Con la participación de alrededor de 500 mujeres de las cuales catorce lo hicieron desde Chubut, más precisamente de la zona de Cushamen y Lago Rosario, se desarrolló la semana pasada el 1º Encuentro Nacional de Mujeres Campesinas y Aborígenes. Desde el reclamo por una ley de reforma agraria con participación indígena y campesina hasta la excención de cargas impositivas y tasas diferenciadas a los campesinos, fueron las conclusiones en torno a la tierra. Pero el pedido también incluyó reglamentaciones para la extracción de recursos naturales, garantizando la participación del campesinado, generando mecanismos de consulta ante emprendimientos como represas o explotaciones mineras o forestales, etc. El Chubut (Esquel), 31 de octubre de 2003. 

 
El Chubut (Esquel), 31 de octubre de 2003.
PARTICIPARON DELEGACIONES DE LAGO ROSARIO Y CUSHAMEN.

Se realizó el Encuentro Nacional de Mujeres Campesinas y Aborígenes


Con la participación de alrededor de 500 mujeres de las cuales catorce lo hicieron desde Chubut, más precisamente de la zona de Cushamen y Lago Rosario, se desarrolló la semana pasada el 1º Encuentro Nacional de Mujeres Campesinas y Aborígenes.

El evento fue promovido por TRAMA, una Red de ténicas e instituciones que trabajan con mujeres rurales y fue el escenario para la exposición de las problemáticas y urgencia del sector en los distintos puntos del país. El Programa de Desarrollo e Incentivo Artesanal PRODIA y el PSA se hicieron presentes con la participación de artesanas de Chubut. La técnica de la región noroeste chubutense y miembro de TRAMA, fue Ruth Guerrero que acompañó a las mujeres de esta provincia.

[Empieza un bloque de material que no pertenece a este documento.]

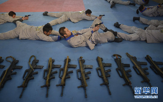 在室內(nèi)訓(xùn)練場,隊(duì)員進(jìn)行手槍射擊姿勢訓(xùn)練。職業(yè)保鏢,面對針對復(fù)雜局勢及特定環(huán)境下,只有把對槍械的靈活掌握和快速有效的技戰(zhàn)術(shù)相結(jié)合起來,才能最大限度的化解危機(jī)。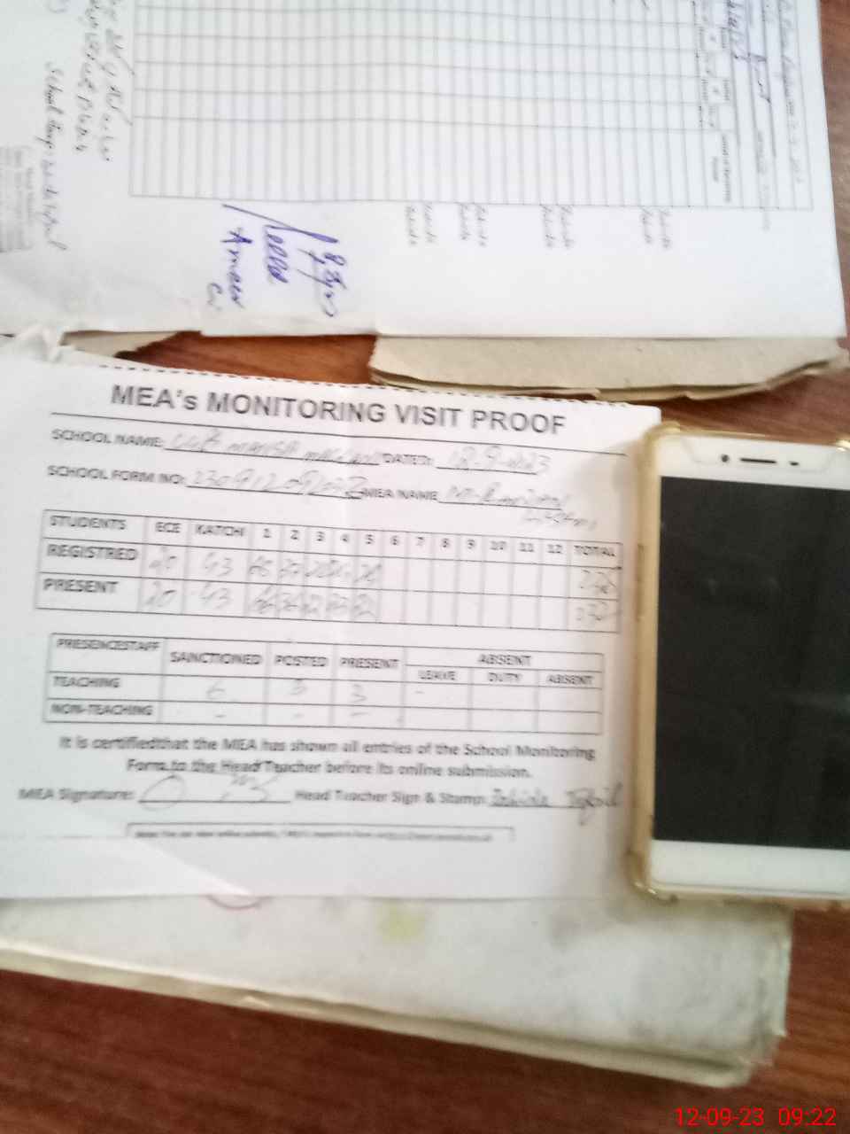 | Attendance Register | Head Teacher | MEA with School | Visit Proof |

Las tres jornadas desarrolladas en el Hotel Central Park se nutrieron de paneles y trabajos en grupo de todas las mujeres asistentes, aborgando diversas temáticas que fueron desde la educación, medioambiente, trabajo y producción, problemática de tierras, identidad y salud. El cierre se llevó a cabo en el Teatro Nacional Cervantes, donde se dió lectura a las conclusiones presentadas por las mujeres rurales y aborígenes, que fueron entregadas a la senadora y primera dama, Alicia de Kirchner, quien asistió en representación del Presidente de la Nación.

El Encuentro Nacional de Mujeres Rurales surgió como resultado y demanda de más de trescientos grupos conformados exclusivamente por mujeres en el campo, con el apoyo de diversas instituciones y programas gubernamentales y no gubernamentales que han promovido su protagonismo y estimulado su organización.
Las más de quinientas delegadas que se hicieron presente la semana pasada en la Ciudad de Buenos Aires representan a alrededor de 600 mil mujeres campesinas de todo el país.
 

CONCLUSIONES

Desde el reclamo por una ley de reforma agraria con participación indígena y campesina hasta la excención de cargas impositivas y tasas diferenciadas a los campesinos, fueron las conclusiones en torno a la tierra. Pero el pedido también incluyó reglamentaciones para la extracción de recursos naturales, garantizando la participación del campesinado, generando mecanismos de consulta ante emprendimientos como represas o explotaciones mineras o forestales, etc..
Las mujeres hacen incapié en una política de titulación de tierras y detener, lo que denominan, la extrajerización de tierras. «Que la distribución de la tierra sea acorde a las posibilidades de cada familia o región, sin favoritismo partidarios.  Frenar todo intento de desalojo y atropellos a campesinos y aborígenes, en caso de familias desalojadas que el gobierno se haga cargo de devolverle la tierra», añaden. Además de solicitar el loteo de tierras fiscales con créditos blandos para los campesinos que no poseen propiedad, exigen que se investigue la entrega y venta de títulos de tierra y las condiciones en que se hicieron.

En el ámbito de la educación solicitan que las instituciones respondan a las demandas de la comunidad y que las provincias garanticen la implementación efectiva de la EGB rural. Reclaman que los maestros bilingües no trabajen «en negro» y que se enseñen las culturas originarias «para que los chicos no se avergüencen» y que las becas lleguen no sólo por puntajes sino por situación económica de cada una de las familias con escasos recursos.

En otro orden, pidieron que entre los planes jefes de hogar se contemple capacitaciones en lo rural para que puedan permanecer en sus lugares de origen y pensiones para mujeres rurales. «Que una representante campesina elegida por nosotras sea reconocida por cada provincia y la nación y sea escuchada por las autoridades para que pueda informar sobre nuestra realidad que está pasando, cómo funcionan las cosas y demás verifique que los pedidos se lleven a cabo», puede leerse entre las conclusiones.